The Exchange National Bank temporarily relocated, and postponed opening its vaults for fear of spontaneous combustion (from admitting oxygen into a sealed but extremely hot environment). The Masonic Temple sold the lot at Capitol and Main to the Exchange National Bank Building Company, which was incorporated as a separate entity from the bank itself because of a federal law that prohibited banks from investing more than their capital stock in their buildings.
And that’s when Charles Thompson came in, possibly with the help of others in his firm, and drew the building with the scrollwork that Paul Greenberg gazed upon in his open imitation of the story “Borges and I.” Charles Thompson knew how to borrow, and so did Paul Greenberg. We have no duty to be original, only careful in borrowing what we can from the past for the sake of posterity.
In Wallace Stegner’s novel “Angle of Repose,” a young assistant looks at photographs of the narrator’s grandmother (also the novel’s protagonist) and says, “Gee! Same hairdo all her life!”

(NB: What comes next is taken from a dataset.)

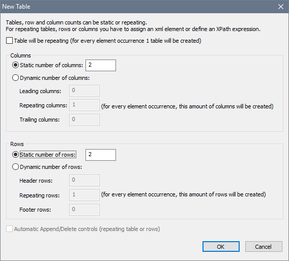 You can insert tables into your design by dropping the Table control at the location where you want the table. For each Table control, one table is created. When you drop the control, the New Table dialog (screenshot below) appears. Here you can specify the table's type and whether the table should have a header and/or footer.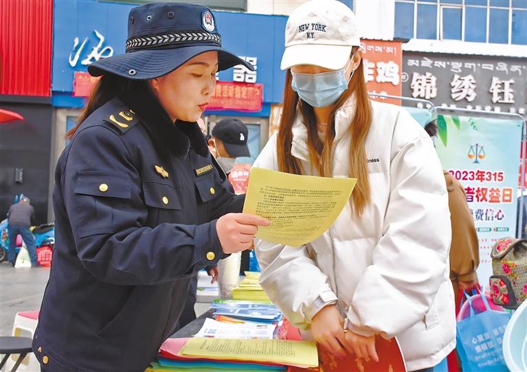 圖為(wei) 今年“3·15”期間,山南市監局工作人員向市民宣講消費者權益保護知識。劉楓 攝

“Yes, Miss Morrow,” thinks the narrator. “Same old hairdo. Classic knot and bangs. Anything good was worth sticking with.”
Tom Dillard started an Arkansas history column in these pages on Aug. 25, 2002. After 1,003 columns, he retired from writing it Dec. 25, 2022.
As an archivist, he collected and preserved the records that Arkansas people have left, down to scraps of correspondence. As a founder of the Encyclopedia of Arkansas, he offered a hand to the future, an enormous help. It is impossible to estimate the value of his work as a link between Arkansas people past, present, and future. Thank you, Tom.
Brooke Greenberg lives in Little Rock.